Not this year. Not after this year's rain and fire and flood.
I've driven the same stretch of the Stuart Highway week after week this year, from Tennant Creek north to Newcastle Waters and back. It was on a trip late in February that I first registered a flash of green, a particular clean lime green which caught on the edge of my curiosity and made me check my position with a quick calculation on the odometer. Driving southwards homeward bound, I watched for that burst of colour, hoping I might find it.
So many times I've heard people decry their impressions of the Aussie bush, boring, they cry, monotonous. I feel sorry for them, I do; sorry for those blinkered imaginations, for the blindness to the beauty of the bush. Granted, there is a lot of green this year but try this modest experiment next time you pass. See how many shades of green you can count. See how many words you can find to differentiate the green. You'll give the game away in a moment. There is such infinite variety, such fascination in the variation that I for one become bewildered when I hear those charges of monotony. But back to my tale of green.

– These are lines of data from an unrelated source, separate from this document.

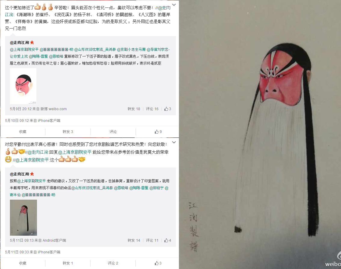 安平说,京剧演员塑造舞台形象时,一定要找准人物定位,特别是造型定位,这可以帮助演员找到人物支点。如何把伍子胥这样一个复杂人物呈现在舞台上,是一直令他苦恼的问题。《成败萧何》里的韩信是俊扮,大气、帅气,可伍子胥不能依样照搬。韩信年轻气盛,伍子胥沧桑暴戾,行当可以同为花脸,形象却要各有突破。为此,安平和服化专家共同商讨伍子胥的扮相造型,最终通过微博征求到网友的绝佳提意,定下完美方案:舍弃传统勾脸法,采用色揉结合手段,露出红色本脸,既明确行当属性,又利于情绪传递,人物的仇恨郁结在眉心上做文章,断寿眉以示其杀伐过重,不得善终,突显了人物特点。
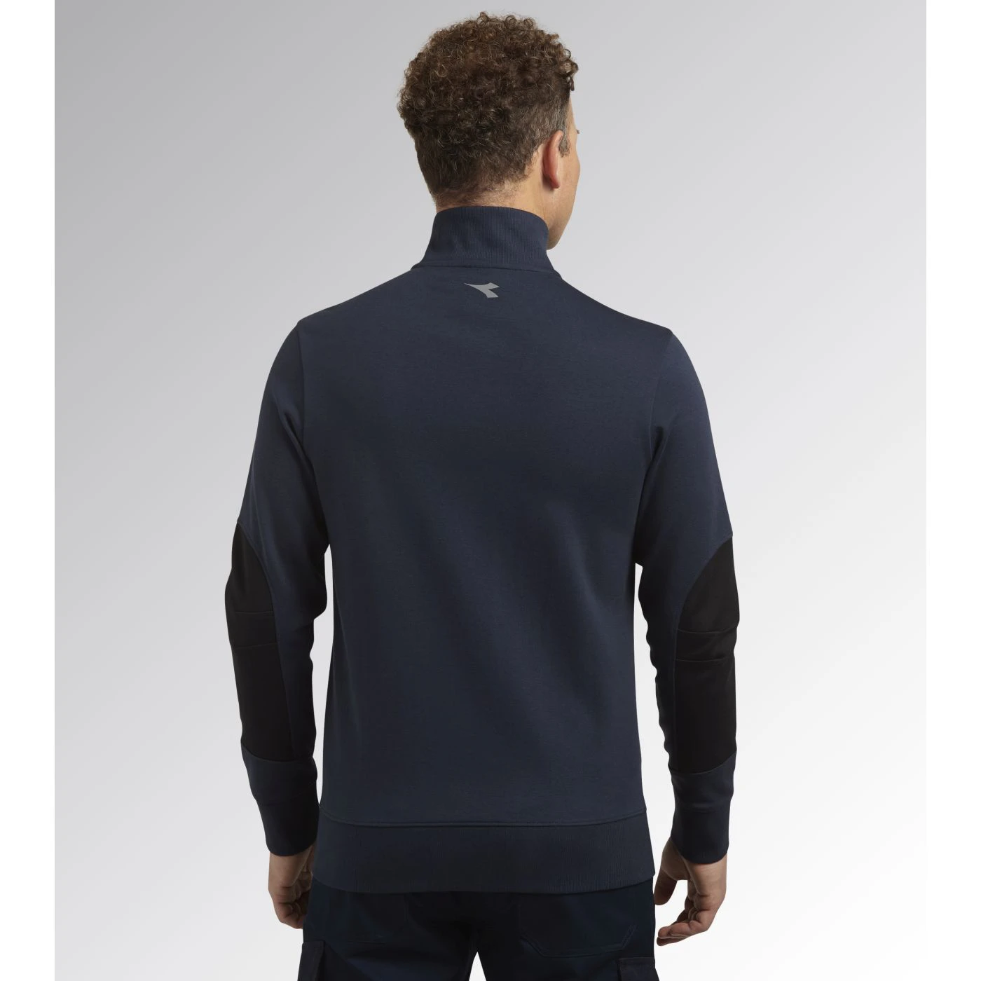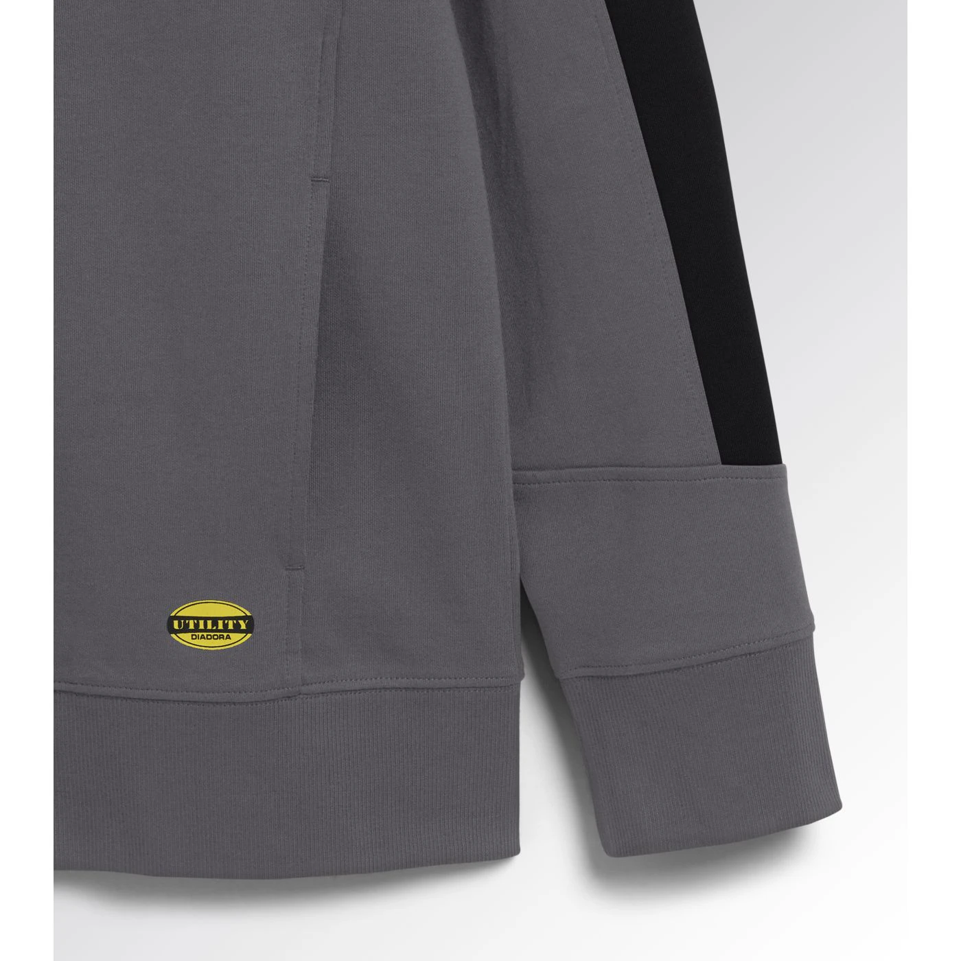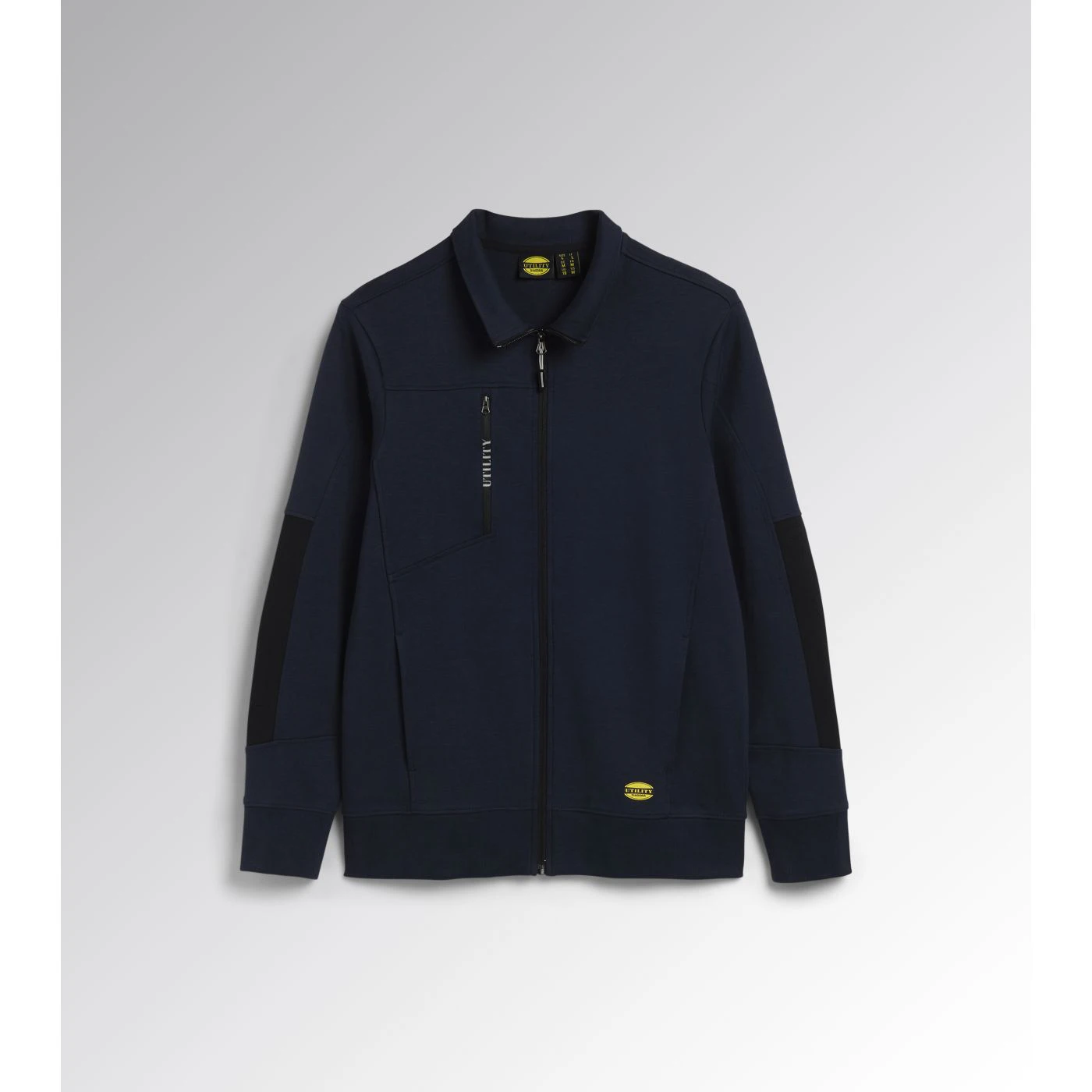 Light interlock full-zip sweatshirt with black side inserts on the sleeves. Ergonomic sleeves. Two open side pockets and a front pocket with zip. Stretch rib-knit neck, cuffs and hem.
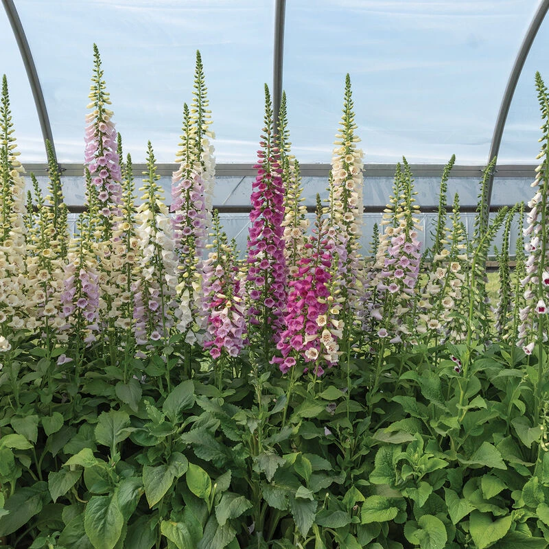 A combination of four lovely colors: cream, lavender, rose, and white. Center spikes are large and full, and side shoots fill out the plant. Great for bouquets and gardens. Best when treated as a fall or spring-planted hardy annual, as winter survival is generally poor when treated as a perennial. Also known as purple foxglove. Pelleted seeds.
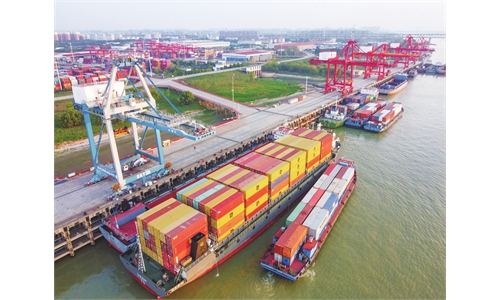 Employees assemble a batch of port container cranes for export at the Taicang Port of Suzhou, East China's Jiangsu Province on May 21, 2024. In the first quarter, Taicang Port handled 27.3 million tons of foreign trade cargo, up 3.12 percent year-on-year, a good start for the year. Photo: VCG
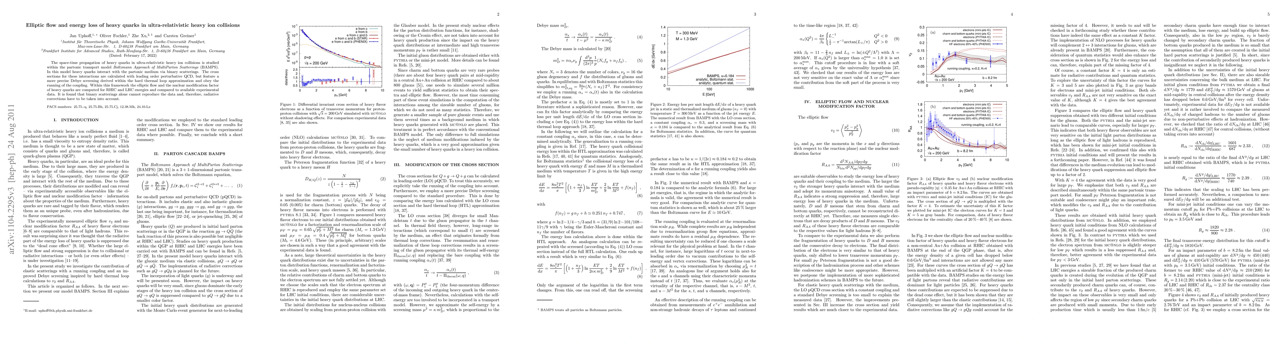 This paper investigates the behavior of heavy quarks in ultra-relativistic heavy ion collisions using the BAMPS transport model, finding that binary scatterings alone do not match experimental data, indicating the necessity of including radiative corrections to accurately describe elliptic flow and energy loss.
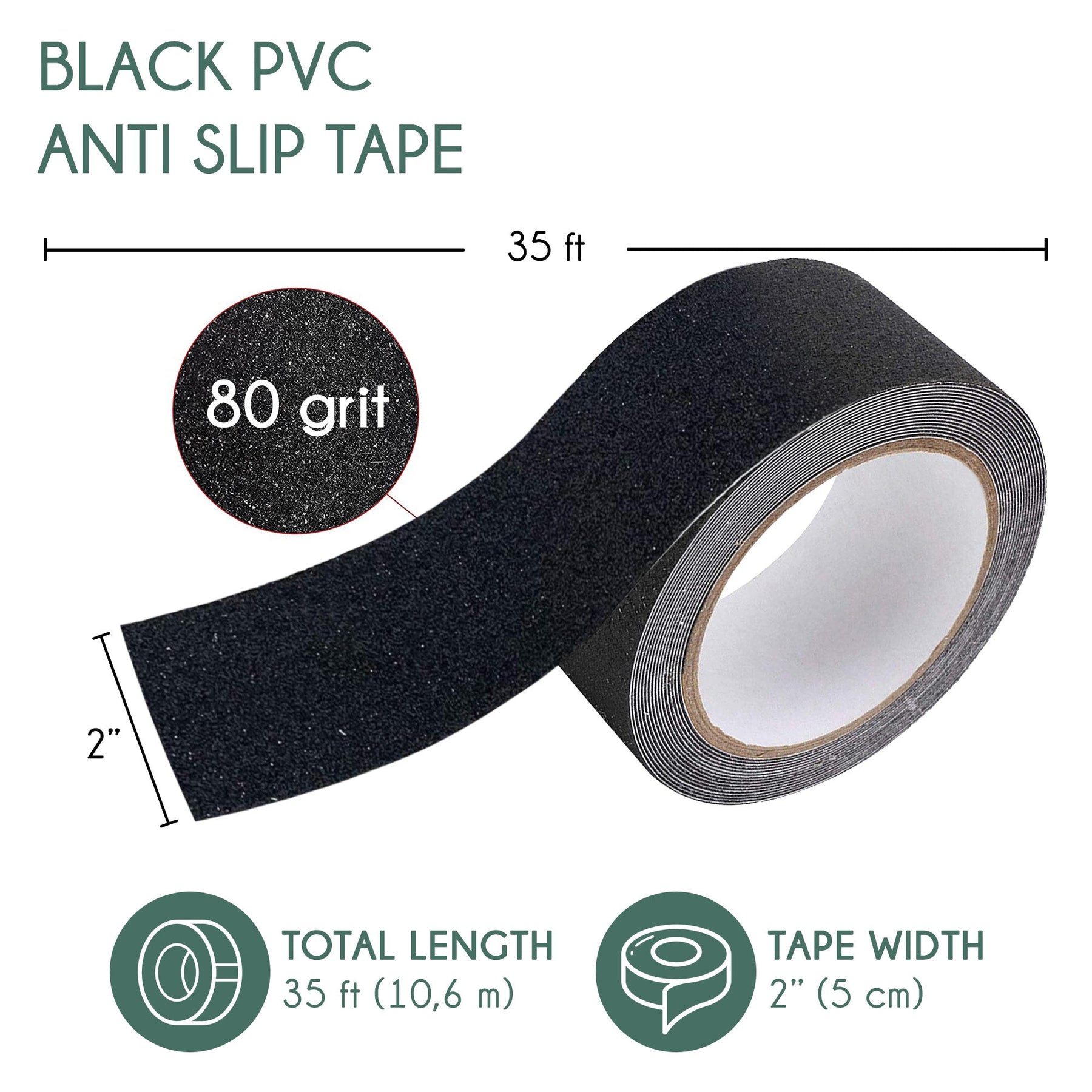 Non-Slip Grip Tape - Waterproof Non-Skid Adhesive Tape For Stairs - 2"X35' Roll, Black
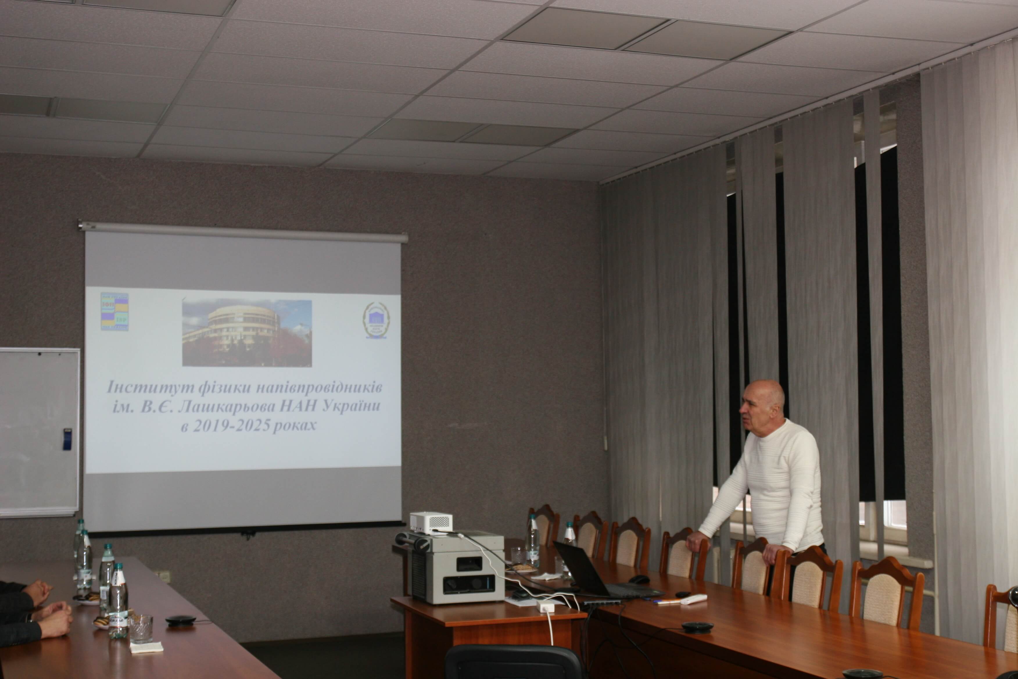 Завідувачі відділів теоретичної фізики, йонно-променевої інженерії і структурного аналізу, кінетичних явищ та поляритоніки, інфрачервоної та терагерцової електроніки, а також Центру колективного користування науковими приладами коротко схарактеризували діяльність своїх підрозділів, їхній кадровий склад, участь у міжнародних проєктах і наукові зв’язки з українськими й закордонними установами. До обговорення долучились академік НАН України Олександр Бєляєв і члени-кореспонденти НАН України Вячеслав Кочелап та Володимир Лисенко.
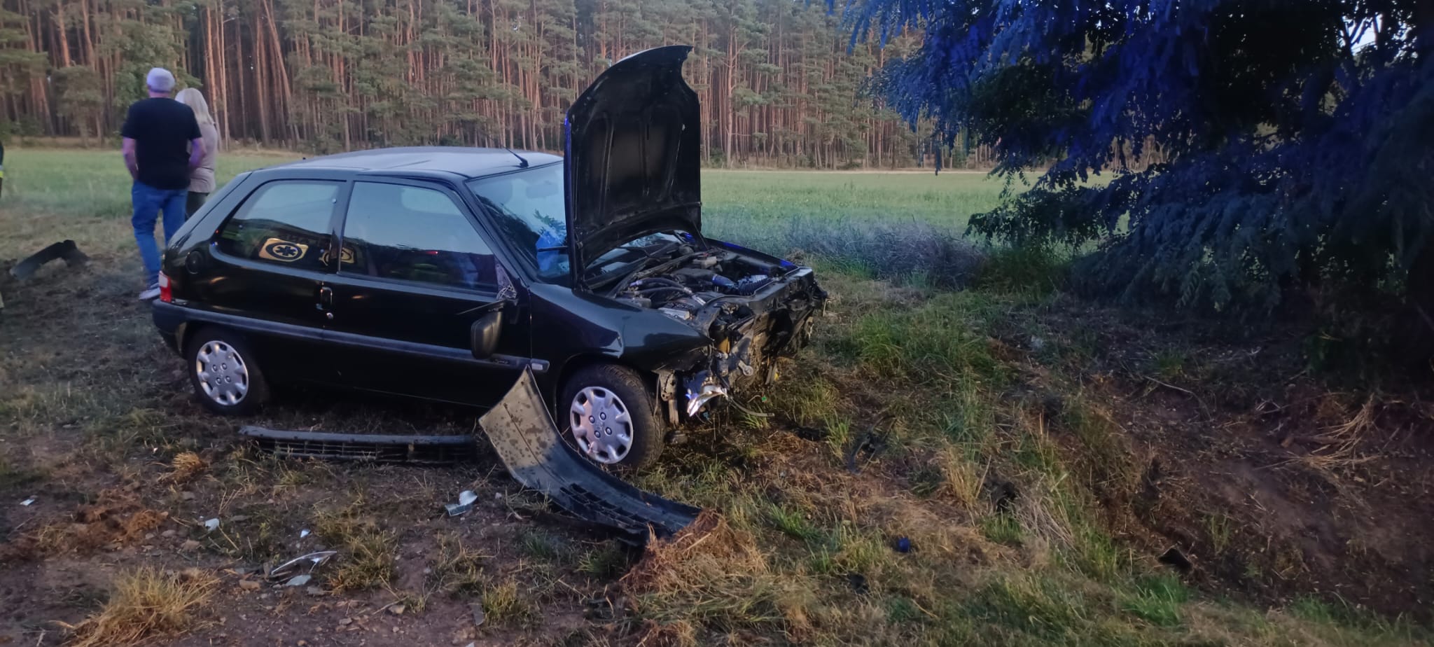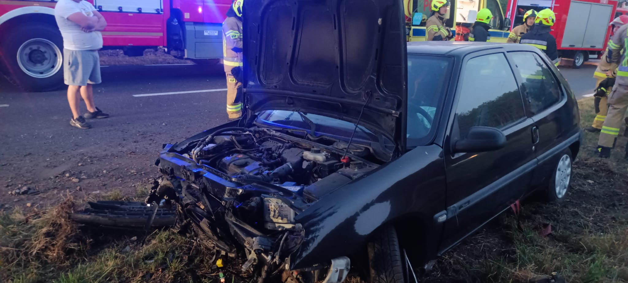 Po dojeździe na miejsce zdarzenia strażacy zastali samochód osobowy marki Citroen, który znajdował się poza drogą w rowie.

My earlier calculation had revealed that I was thirty-seven clicks south of Elliott when I saw the flash of lime. And suddenly there it was again. Now, I'm no botanical expert. I can recognise the 'big four', the eucalypts and hakeas, melaleucas and grevilleas and also the callistemon, a plant unique to our island continent. When I picked my way gingerly through the spinifex towards the thing that had caught my eye earlier that morning, I was confronted by a small gnarled cream barked shrub with olive coloured leathery leaves and brilliant lime-green bottlebrush flowers.
Lovers of the bush will shrug at my elation. I was amazed. I thought I'd stumbled on something rare and wonderful. When I got home I rang a friend who is knowledgeable about these things and he made me tell my story slowly. A bottlebrush, I said. A callistemon, he corrected and then he paused and said there weren't callistemons this far up the continent. Rarely in the Centre and never in the Barkly. Describe the bark again, he said and then he laughed, reminding me that I'd just claimed to be able to recognise the major species. It was a paperbark, he said, a melaleuca.
Melaleuca viridiflora: green flowers! On subsequent trips up the bitumen, I became aware of how little I see, and perhaps it's just as well as I'm doing the driving. Between Tennant and Elliott there are many patches of this swamp paperbark, most with cream blooms and some with that intense lime colour of the true viridiflora. A week after that first sighting, my eye attuned to the shape and colour of the blooms, I was just a litle bit embarrassed to realise how many patches of the paperbarks there were and how showily they bloom. It's taken me four years to notice. So much for observation.
Since that first sighting I've become a bit obsessed with flowers. On another trip I found a grevillea dryandra, a small delicate wonder of the genus, its flower spike deep purple, the flower itself pale pink merging into red. The turkey bush (calytrix exstipulata) to the north of Elliott was in indecent bloom at that time with its "prolific display of showy pink-purple star-like flowers" which is the way the reference book explains it. On yet another day I found a gastrolobium ... but then the fires came to blacken the blooming Barkly.
Just when it seemed that smoke and flames had finally encircled us, along came the storms. With a wham and a bam and shazzam the sky lit up, dogs howled and my cats cringed and the thunder was really thrilling. And then there was that rain, nearly three inches of it in an hour early one Monday morning.
Trips up and down the bitumen are a flower lover's feast again. The mown verges resemble cultivated gardens, all neat and showy. There are tall and graceful chalk white lillies (Crinum augustifolium) dotting the blackened bush south of town and the Territory's floral emblem, Sturt's Desert Rose is just a stunner. It's been quite a year for flowers.
No doubt about it, the Barkly's bloomin' beautiful.